# Sideline income between rides?



## MolinaHoney (Nov 18, 2019)

Has anyone found a good source of online income that can be done between pax?


----------



## TCar (Aug 4, 2019)

Yes, I work a 45 hour week job with good benefits. 
Just sayin...


----------



## MolinaHoney (Nov 18, 2019)

Ha....Ha... wish we were all that lucky.


----------



## waldowainthrop (Oct 25, 2019)

I’m currently building a service business. It will probably take half a year to put together. I have pitched a few passengers for fun and market research and it went well, and I’m already making some useful network connections. So I am basically working on that full time, whether I am on a ride or not.

It will be “online” because everything is but not selling goods and services online. Details to come in about 6 months I guess!

I hear online stores can be good business but that is really dependent on what you are selling and how you approach it.


----------



## SHalester (Aug 25, 2019)

there is time between pax?


----------



## waldowainthrop (Oct 25, 2019)

SHalester said:


> there is time between pax?


Welcome to Colorado. Also I decline stuff if it's a bad fare. On a busy day I'll get non-stop pings for hours but it is not the norm here because of saturation issues.


----------



## SHalester (Aug 25, 2019)

waldowainthrop said:


> Also I decline stuff if it's a bad fare.

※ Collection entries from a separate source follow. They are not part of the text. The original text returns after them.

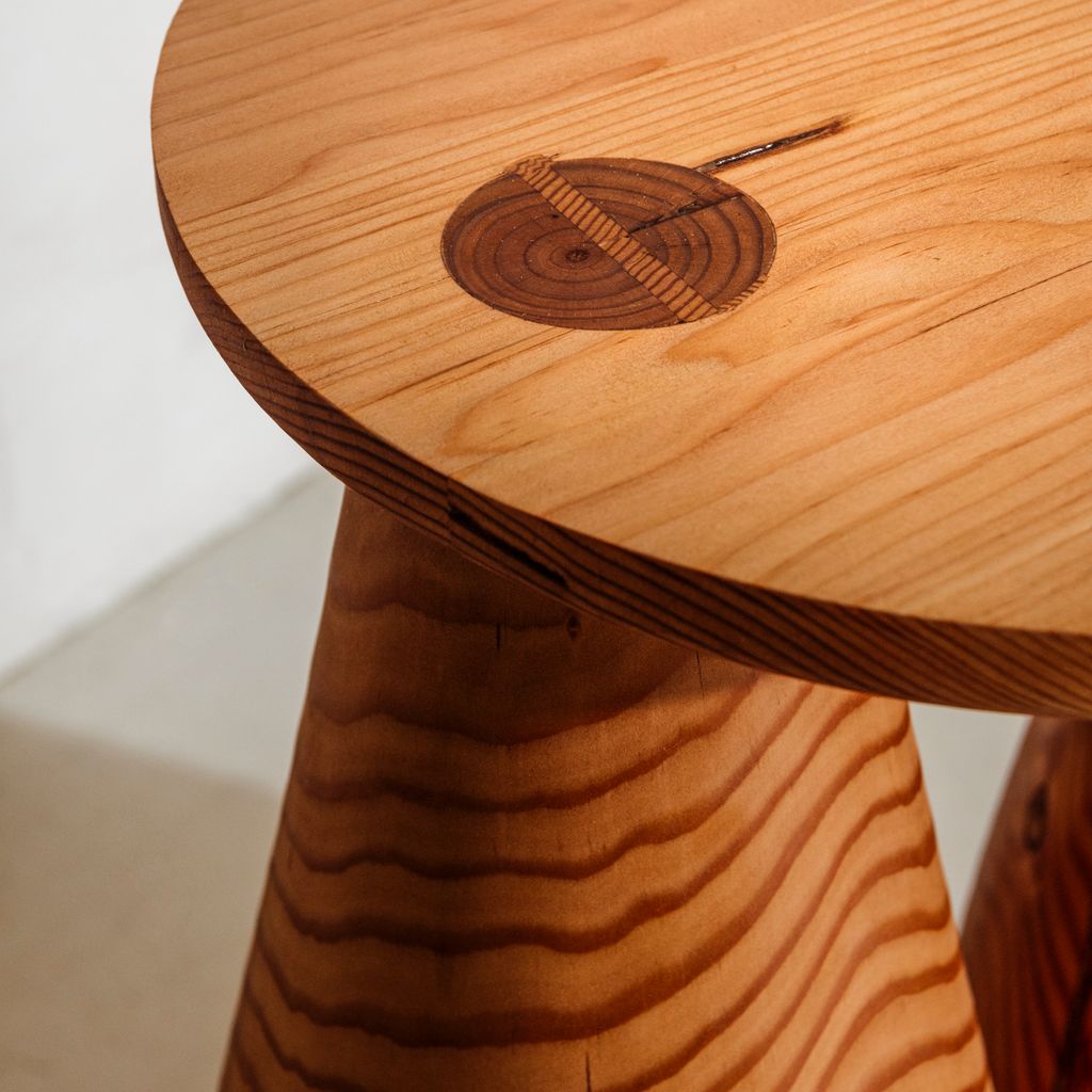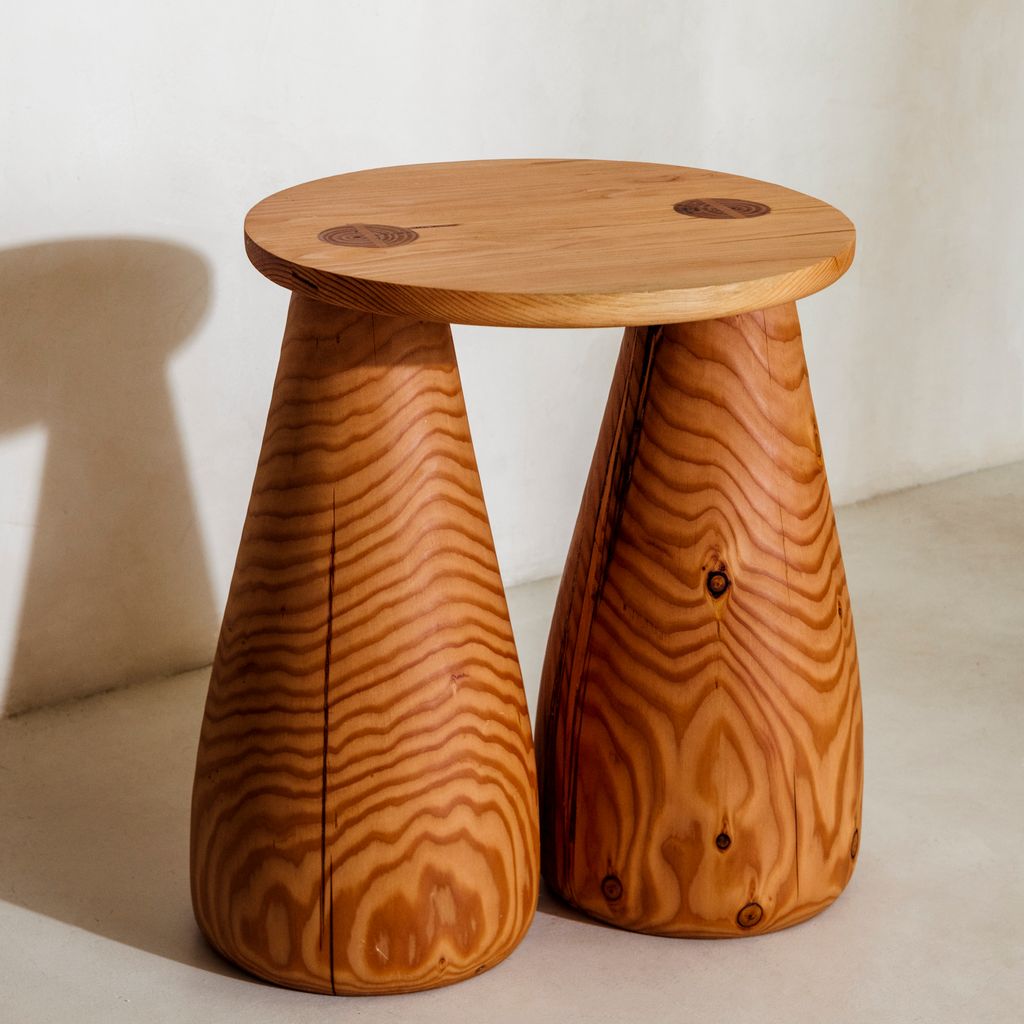 The Side Table is made from salvaged douglas fir and treated with a clear natural oil finish. The side table has large bell shaped legs that are signature to Klemick's work. This side table is made to order.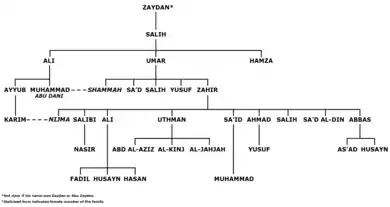 Zahir had eight sons from his wives,[155] and according to Tobias Smollett, a daughter as well.[152] His sons, from eldest to youngest, were Salibi, Ali, Uthman, Sa'id, Ahmad, Salih, Sa'd al-Din and Abbas.[155] His daughter Nijma was married to Karim al-Ayyubi,[152] who was a cousin of Zahir.[117] By 1773, Zahir had a total of 272 children, grandchildren and great-grandchildren.[152]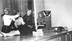 Kommunala flickskolan. Längst t v (i herrkostym) Ingrid Fors och i officersuniform närst längst till höger Astrid Ahrne.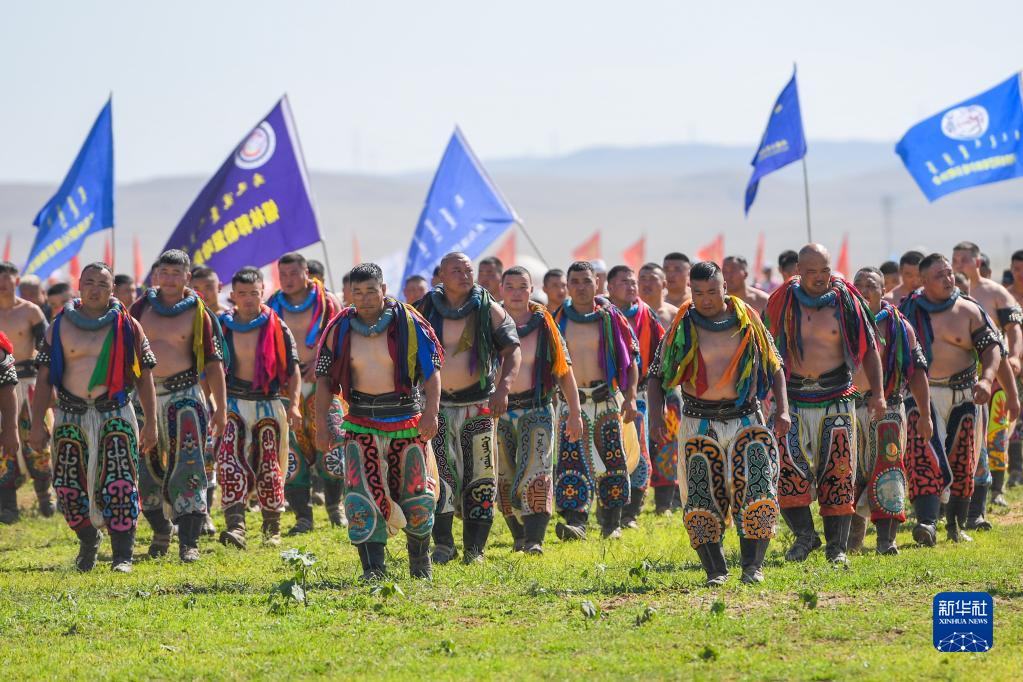 7月29日在内蒙古旅游那达慕开幕式上拍摄的搏克手。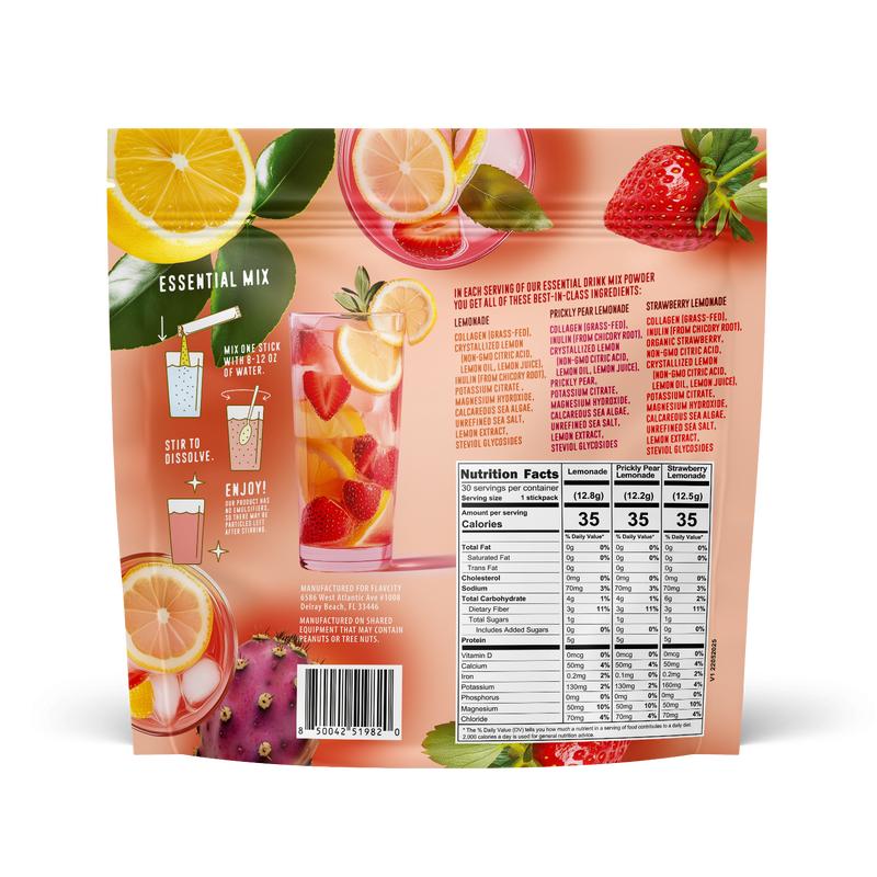This trio of tangy-sweet favorites includes classic Lemonade, juicy Strawberry Lemonade, and a bold Prickly Pear Lemonade. Flavored with actual fruit, each sip tastes like summer—and helps support gut health, glowing skin, and daily hydration.
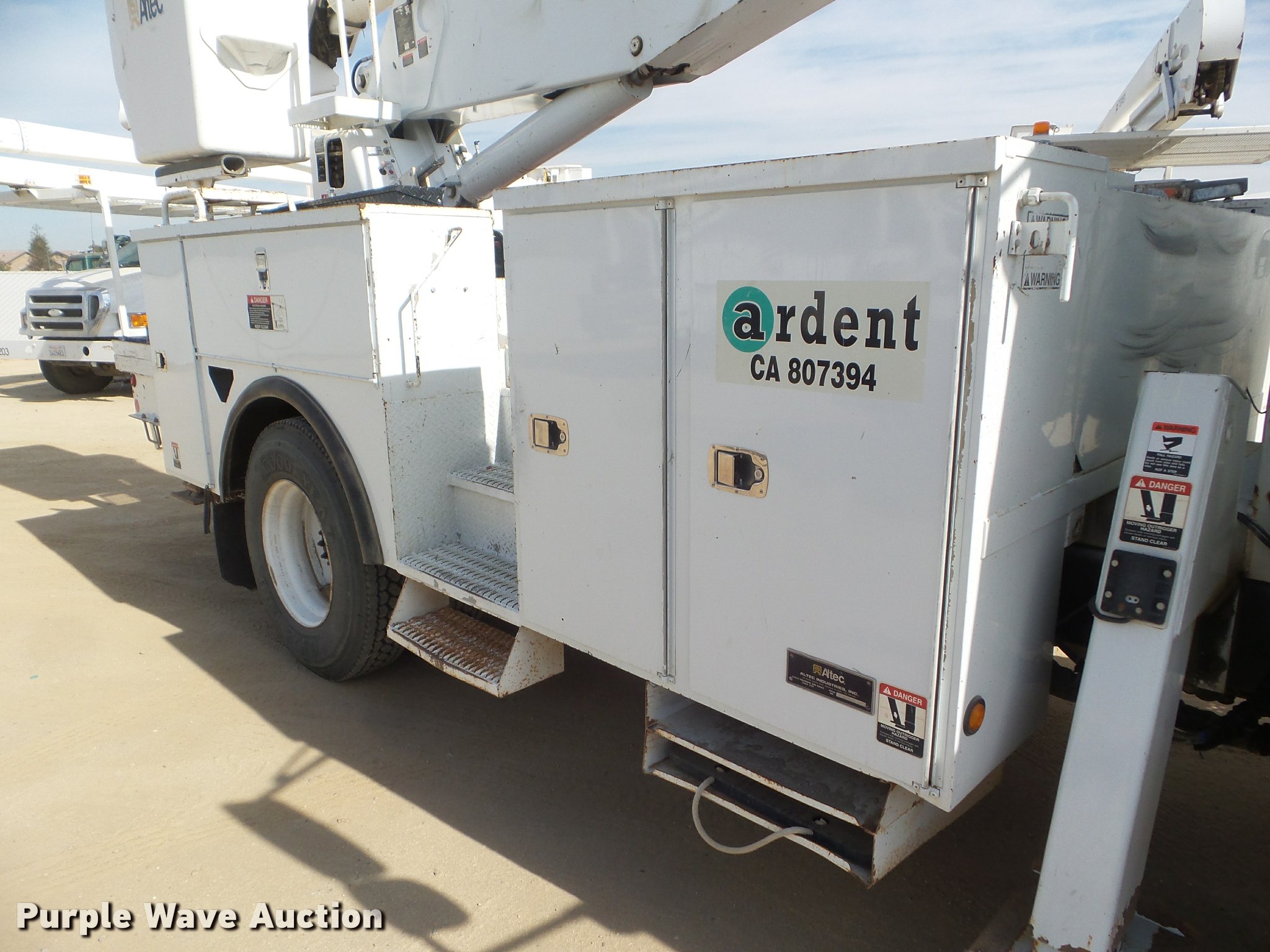 2009 International DuraStar 4300 bucket truck. 55,035 miles on odometer, 7,180 hours on meter, International MaxxForce DT DT466 7.6L L6 turbo diesel engine, Automatic transmission, Single axle, AC and heat, Cruise, AM/FM, Spring suspension seat, Beacon light, Front tow hooks, Trailer brake controller, PTO, Altec 16'L service bed Serial 971178574407/08, Shelving, Receiver hitch, Trailer wiring, Glad hand couplers, 2008 Altec AA755L boom Serial 0708BZ5703, 56' boom length, 600 lbs maximum lift capacity, Man basket, Platform and ground controls, Boom rotation, Articulating, insulated boom, Single fuel tank, 188" wheelbase, Spring suspension, Air brakes, 11R22.5 tires, GVWR 33,000 lbs, California emissions compliant, Boom rust Boom is not certified, Contents are not included, Unit# 1361. California title. 1HTMMAAN79H105156. Ardent Services. 4824 Rosedale Lane. Bakersfield, CA 93314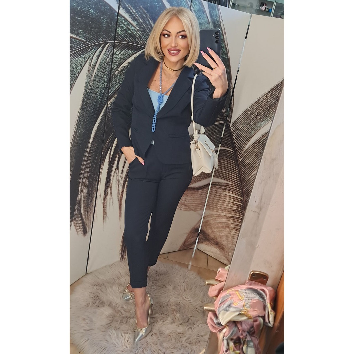 Tailleur elegante in cotone elasticizzato composto da pantalone aderente a sigaretta e giacca foderata. Vestibilità slim.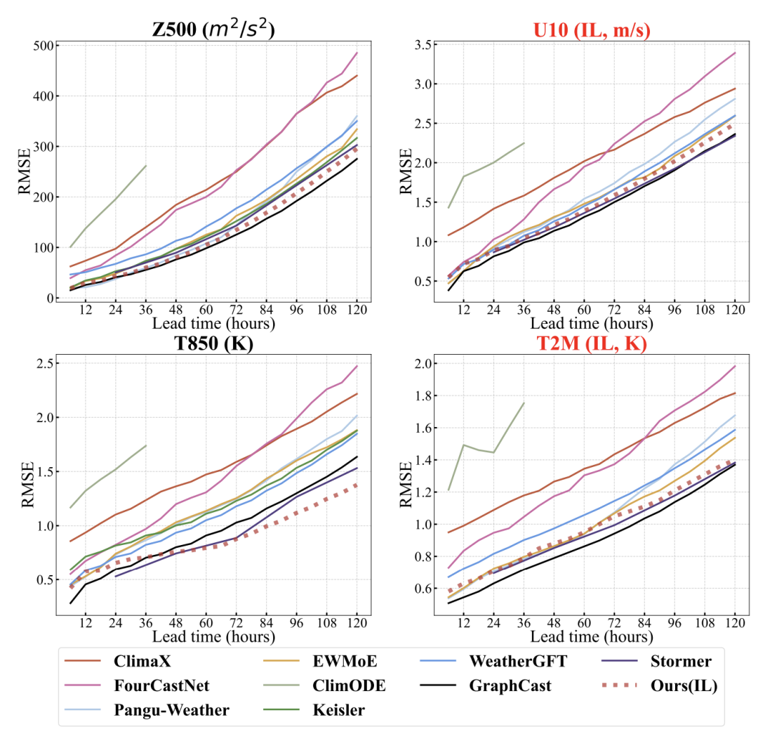 高空变量预测进一步验证了 VA-MoE 的增量优势。研究比较了 3 种训练策略:仅训练高空变量的 VA-MoE、增量加入地面变量的 VA-MoE(IL),以及传统联合训练模型。结果显示,仅训练高空变量的 VA-MoE 精度已与 GraphCast 相当,优于 IFS 与 Pangu-Weather;而增量式 VA-MoE 在引入地面变量后,未出现对高空变量的预测能力退化,且在 500hPa 位势高度(Z500)的长期预报中精度有所提升,验证了其「学新不丢旧」的能力。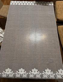 Tenda bianca traforata con disegni floreali sulla base. Pratica perchè non ha bisogno di ganci e può essere spostata agevolmente.

I'm in it just to fill 3 or so hours a day. Accept all the pings, but careful to go offline when I don't want stacked pax or a 2nd pool pax or when I get near the airport. My market there aren't any short 1m trips. If it takes less than 10 minutes to get there, I accept and go.

Now if I was doing this full time and depending on this pay real bills, well totally different attitude.


----------



## MolinaHoney (Nov 18, 2019)

I've been studying day trading cryptocurrencies.


----------



## BuberDriver (Feb 2, 2016)

MolinaHoney said:


> I've been studying day trading cryptocurrencies.


try the real stock market...crypto is like playing roulette, you won't stand a chance in the long run


----------



## percy_ardmore (Jun 4, 2019)

Food delivery. Keep toggling back and forth.


----------



## Bob Reynolds (Dec 20, 2014)

I sell my mechanic services to other drivers in the que that can't get their cars started. I always carry some tools, a jumpbox, duct tape and some oil.


----------



## charmer37 (Nov 18, 2016)

I have a part time job and deliveries is my side hustle, Using multiple apps is a good idea.


----------



## LADryver (Jun 6, 2017)

I work 32 hours for an hourly wage each week, which is the anchor. When nothing weird happens I follow it up with 8 hrs on Uber on those days.


----------



## kc ub'ing! (May 27, 2016)

I got a shine box so I’ll hop out between rides when downtown. Sometimes I’ll hook up my last rider if they have time. Otherwise it’s, “Shine mista? Who needs a shine?!” Until I get a ping.


----------



## NauticalWheeler (Jun 15, 2019)

Do cash rides


----------



## Bob Reynolds (Dec 20, 2014)

NauticalWheeler said:


> Do cash rides


Now that's an idea.


----------



## tohunt4me (Nov 23, 2015)

MolinaHoney said:


> I've been studying day trading cryptocurrencies.


Short sell Uber stock !


----------



## mch (Nov 22, 2018)

In between pings I bet on underground cock fighting and sell imitation yeezys.

Ive heard others do well mixing in the food delivery stuff and I also met someone once that writes product reviews on the internet in between rides


----------



## lyft_rat (Jul 1, 2019)

kc ub'ing! said:


> I got a shine box so I'll hop out between rides when downtown. Sometimes I'll hook up my last rider if they have time. Otherwise it's, "Shine mista? Who needs a shine?!" Until I get a ping.


Front for pimpin' and drug sales?


----------